Ca2+-independent cell adhesion. doesn’t need Ca
what is the role of cadherin in adherence junction formation
- E-cadherin on one cell forms homodimer with E-cadherin on neighbouring cell pulling the 2 cells tightly together, requires Ca2+.
- Cytoplasmic tail of E-cadherin binds catenins which links to the actin cytoskeleton.
what is the role of Catenins in adherence junction formation
- Cytoplasmic tail of E-cadherin binds catenins which links to the actin cytoskeleton.
- Catenins also link nectin and cadherin complexes to pull all the proteins together to make the AJ.
Which processes are required for establishing epithelial polarity?
A. Neighbouring cells interacting with each other through
adherens junctions.
B. Connections between epithelial cells and their basement membrane.
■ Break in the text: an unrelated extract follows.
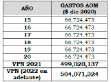 | Valor Presente AOM, con nivel de eficiencia | 499,020,137 | 504,071,324 |
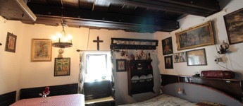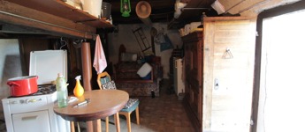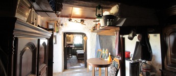 Belépve szemben egy régi „nyílt kemence” amit régebben füstölésre és főzésre használtak, jobbra egy helyiség és balra egy szoba található. Vizeshelyiség nincs kialakítva!

C. Nectin proteins from neighbouring cells connecting with each other.
D. All of the above.
D
what is steep 3 in the formation of an epithelial cell
small GTP binding protein activation
what is steep 4 in the formation of an epithelial cell
activation of polarity complexes
how do GTP binding proetins get activated
the formation of AJ recruits many proetins. small GTP binding protein is one of these
there are many small GTP binding proetins. we only have to remember the name of one of these. what is it
cdc42
what/how do the polarity complexes get activated
steep 4 = activation of polarity complexes
cdc42 (GTP binding protein) activates protein kinase C (aPKC) which helps in the formation/activation of polarity complexes
what are the 4 polarity complexes
aPKC, PAR, CRB, SCRIB
what do the polarity complexes do
they maintain apical and basolateral polarity
one way they do this via the formations of tight junctions (steep 5)
what do tight junctions interact with
apical polarity complexes
what do tight junctions act as (3 roles)
Barrier: limits passage of ions and molecules between cells in the paracellular pathway.
Gate: can allow certain solutes to flow through the paracellular pathway.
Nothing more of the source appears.